In 1997, Eminem’s life changed forever when he went from being a local hero in Detroit – thanks to his rap battle antics – to becoming a global superstar after he was picked up by Dr Dre. Before getting spotted by Dre and Interscope Records, Eminem never envisaged that he would become the most famous rapper on the planet and, in truth, solidifying mainstream success seemed like an improbable dream. Then, his life dramatically changed in a short time, and the music world was suddenly talking about the real Slim Shady.

After developing his Slim Shady alter-ego, Eminem had the perfect vehicle to plough all his pent up anger into, unleashing a style and flow that made him an unstoppable and unique talent. First listening to rap music changed Eminem’s life, it allowed him to express himself fully, and the one rapper who had the most significant impact on him is LL Cool J.
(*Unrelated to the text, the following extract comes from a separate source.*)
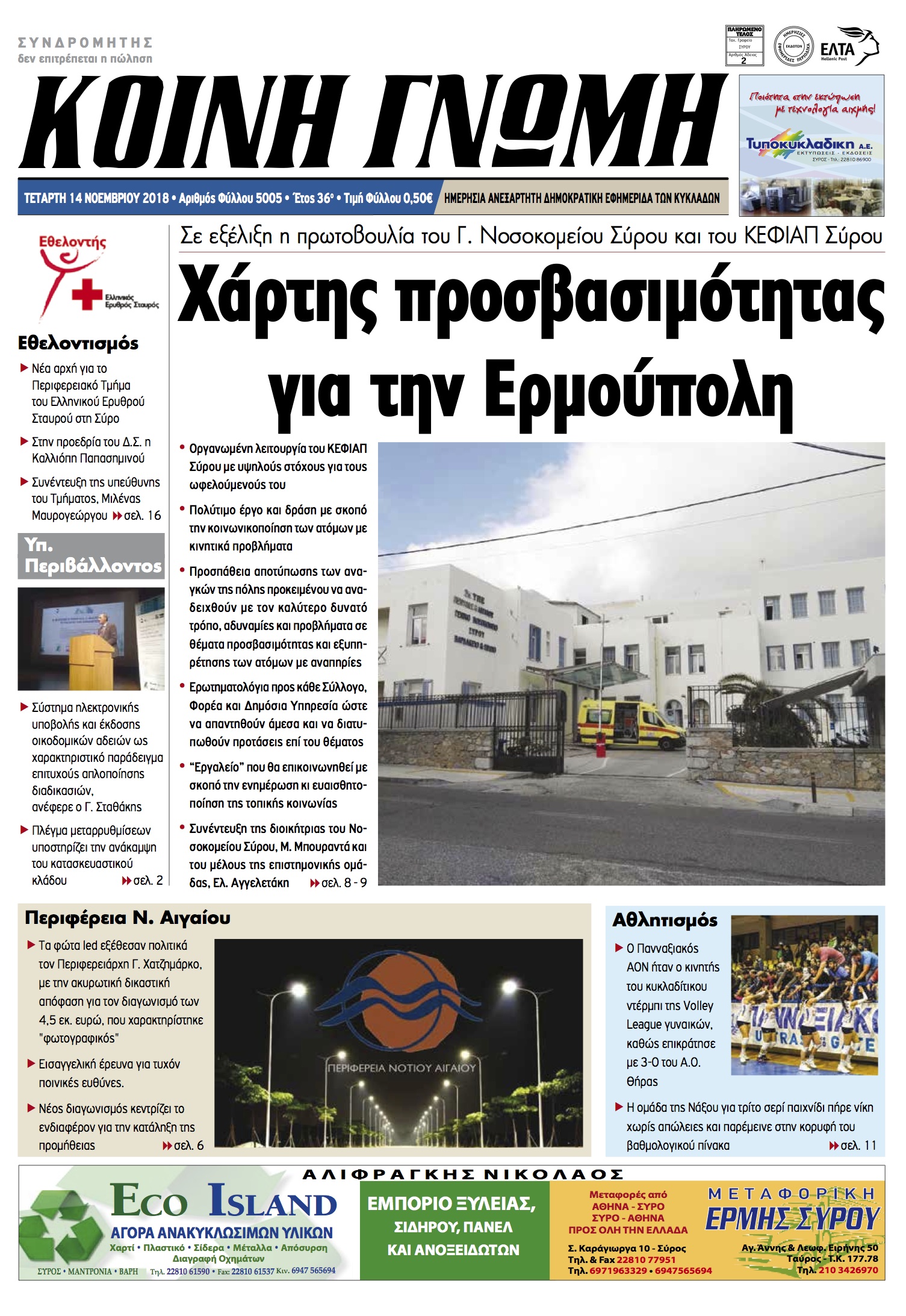 ΚΟΙΝΗ ΓΝΩΜΗ ΚΟΙΝΗ ΓΝΩΜΗ Ημερησια Εφημεριδα των Κυκλαδων

In 2009, Eminem prank-called his hero on LL’s SiriusXM radio show while pretending to be ‘Jason from Miami’. After a couple of minutes, Shady revealed his true identity and then started begging the rapper to hang out with him, even telling LL about how he’s got cable TV in a bid to lure him in.

In a later appearance on the same radio show, Eminem spoke with Cool J again, this time to discuss how much he aspired to be him when he was younger. “I wanted to be like you; I hope that doesn’t sound weird,” Eminem explained.

“I absolutely wanted to be like you,” the rapper continued, “I wanted to be like Run-D.M.C. It was something about the energy to just say what you want to say, and you could talk about your life, and you could talk about shit that bothers you. I just gravitated towards it, and I never strayed from the first day that I heard a rap song.”

Shady continued: “It was interesting to watch you and see your range as a writer and see that you could make a love song, you could make a song for the dudes, and your range as a writer was so incredible,” Em continued to tell LL Cool J. “Then, when you didn’t drop an album for a couple of years, rap started advancing a little more. [That is when] you came out and advanced it again. It was so crazy to just watch it because you could do whatever anyone else was doing.

“You could do that and just do the shit better. Watching that, especially when you came back with ‘Mama Said Knock You Out,’ [mimics opening verse] I was like, ‘Yo! You wrote that?’ [Laughs] And the energy in the middle of the song was like…Goddamn! I wanted to fuck my room up.”

Eminem’s music has made countless rappers feel that same shot of inspiration that he felt as a youngster when he first heard LL Cool J. Since that moment, a switch went off inside Marshall Mathers, and soon enough, a rap demigod had been born.

The global reach, the millions of albums sold, and the tour dates maxed out to capacity, very little of that would have been possible without LL Cool J providing a young Marshall with all the inspiration he needed.